You are reading this older preprint version

Read the latest preprint version →

Background We detected the expression of CD25 in patients with acute myeloid leukemia (AML) to value whether CD25 could be a promising marker for minimal residual disease (MRD). Methods Two hundred and twenty bone marrow (BM) specimens from 98 adult patients with AML after chemotherapy were detected using flow cytometry. The expression of CD25 was compared between MRD positive and negative subgroups. Results About 38% of patients with MRD were positive for CD25. The mean percentage of CD25-positive cell subpopulation was 58.68% relative to the whole MRD cluster (0.05%-100%). The mean fluorescence index ratio (MFIR) of CD25 in these cell subpopulations was approximately13-fold greater than that in normal myeloblasts. The detection sensitivity of CD25 was as high as 10 -4 . CD25 was also expressed on non-leukemic stem cells that were positive for CD34 and CD38. Conclusion CD25, as assessed by flow cytometry, is a promising marker for MRD in patients with AML.

Oncology

Cancer Biology

CD25

acute myeloid leukemia

minimal residual disease

flow cytometry

In acute myeloid leukemia (AML), the presence of minimal residual disease (MRD), in which the number of leukemic cells is lower than the detection threshold of morphology, is an independent prognostic parameter of relapse and survival [1–6]. Flow cytometry (FC), molecular techniques, and cytogenetic analysis are three prominent technologies for detecting MRD[1,4,7–10]. Generally, there are two approaches for MRD detection by FC: detection of cells with leukemia-associated immunophenotypes (LAIPs), which differ from normal hematopoietic cells[11–13];detection of different from normal (DfN) patterns[10].These approaches can also be combined as a “LAIP-based DfN approach” [14]. With the mounting number of LAIP [1,3] and the application of multiparameter FC, the detection sensitivities of FC can be as high as 1:1000 to 1:106 in BM samples [10, 14, 15].All these methods are based on antigens with abnormal expression.
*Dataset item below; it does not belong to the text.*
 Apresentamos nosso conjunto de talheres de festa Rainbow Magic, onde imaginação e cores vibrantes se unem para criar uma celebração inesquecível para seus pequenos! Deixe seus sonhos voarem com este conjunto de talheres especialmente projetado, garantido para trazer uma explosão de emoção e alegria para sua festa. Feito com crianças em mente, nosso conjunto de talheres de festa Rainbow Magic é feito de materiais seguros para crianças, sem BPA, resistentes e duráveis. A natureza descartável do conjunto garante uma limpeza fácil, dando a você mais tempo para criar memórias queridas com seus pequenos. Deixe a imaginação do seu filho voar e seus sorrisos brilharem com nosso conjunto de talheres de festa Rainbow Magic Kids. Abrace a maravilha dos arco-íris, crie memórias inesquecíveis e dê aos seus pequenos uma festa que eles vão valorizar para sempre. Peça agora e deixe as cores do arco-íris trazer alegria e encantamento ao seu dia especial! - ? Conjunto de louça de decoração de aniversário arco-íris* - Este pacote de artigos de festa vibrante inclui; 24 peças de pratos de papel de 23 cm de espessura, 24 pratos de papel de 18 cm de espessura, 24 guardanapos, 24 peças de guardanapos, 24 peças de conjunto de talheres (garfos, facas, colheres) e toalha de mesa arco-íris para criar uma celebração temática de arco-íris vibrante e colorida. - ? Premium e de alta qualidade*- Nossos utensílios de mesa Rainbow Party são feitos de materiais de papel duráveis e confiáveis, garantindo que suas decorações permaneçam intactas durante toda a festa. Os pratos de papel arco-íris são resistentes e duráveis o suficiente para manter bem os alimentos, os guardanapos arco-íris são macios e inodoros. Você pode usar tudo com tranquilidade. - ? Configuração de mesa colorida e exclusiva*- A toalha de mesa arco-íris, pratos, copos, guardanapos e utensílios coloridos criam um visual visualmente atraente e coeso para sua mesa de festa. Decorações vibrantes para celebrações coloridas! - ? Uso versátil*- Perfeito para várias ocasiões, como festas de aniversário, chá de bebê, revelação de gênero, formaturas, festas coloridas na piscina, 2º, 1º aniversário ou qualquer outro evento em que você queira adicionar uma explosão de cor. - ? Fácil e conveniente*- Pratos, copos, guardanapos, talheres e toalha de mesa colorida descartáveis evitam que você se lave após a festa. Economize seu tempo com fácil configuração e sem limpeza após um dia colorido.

To reduce the false detection of MRD-negative ratios and expand the application scope, novel MRD markers need to be developed.
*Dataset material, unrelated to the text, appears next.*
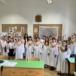 A Főszékesegyház Szent Mihály Gyermekkórusa idén is részt vett az Országos Rajeczky Benjamin gregorián- és népdalének- , népi hangszeres versenyen és ARANY minősítést szerzett. A rangos versenyt 25. alkalommal rendezték meg a Budai Ciszterci Szent Imre Gimnázium – ban. A kis énekkar lelkesen készült a megmérettetésre, amelynek kötelező anyaga a húsvéti ünnepkör gregorián tételei közül volt megadva. Húsvét vasárnap introitusa “Resurrexi et adhuc tecum sum alleluja” kezdetű, valamint a húsvéti szekvencia a “Victimae pascali laudes”. Mindkét tételt latinul tanulták meg. Magyarul a nagycsütörtöki szertartásból választottak előadási anyagot. Ubi caritas et amor – Hol szeretet és egyetértés – ezt az általánosan is használható liturgikus éneket több alkalommal is énekelhetik. A verseny magas színvonalát tükrözi, hogy az ország legnagyobb katolikus és szerzetesi iskoláinak kórusai mind bemutatkoznak. A résztvevő kórusok egymást hallgatva sokat tanulnak egymástól és gyakorlatot szereznek a gregorián ének megfelelő előadására. Szeretettel gratulálunk a szép eredményhez, köszönjük Zsilinszky Cecília felkészítő munkáját.

CD25 (interleukin–2 receptor) is expressed in 10%–20% of patients with AML [15,16]. This marker is correlated with FLT3-ITD, DNMT3A, and NPM1 mutations [16,17]. It has also been proven to be an independent, unfavorable prognostic parameter in AML [16–18].More recently, CD25 has been detected in leukemic stem cells (LSCs) in patients with myelodysplastic syndrome [19]. Here, we used CD25 as a novel marker to detect MRD in patients with AML.

Patients

The BM samples were obtained with informed consent. The study was approved by the Ethics Committee of the Peking University International Hospital and was in compliance with the guidelines of the Helsinki Declaration of 2008. A total of 220 longitudinal BM specimens from 98 adult AML patients (55 males and 43 females) were collected after chemotherapy from Peking University International Hospital between June 2017 and June 2019. Among the samples, 165 BM samples from 43 patients were collected at different time points after chemotherapy.

Flow cytometry

Fluorescent mouse anti-human monoclonal antibodies (mAbs) against the following markers were used: CD2, CD5, CD7, CD11b, CD13, CD14, CD15, CD19, CD25, CD33, CD34, CD36, CD38, CD41, CD45, CD56, CD61, CD64, CD71, CD117, CD123, CD235a, and HLA-DR (from BD Biosciences and Beckman Coulter). The MRD detection panels are listed in Additional file 1.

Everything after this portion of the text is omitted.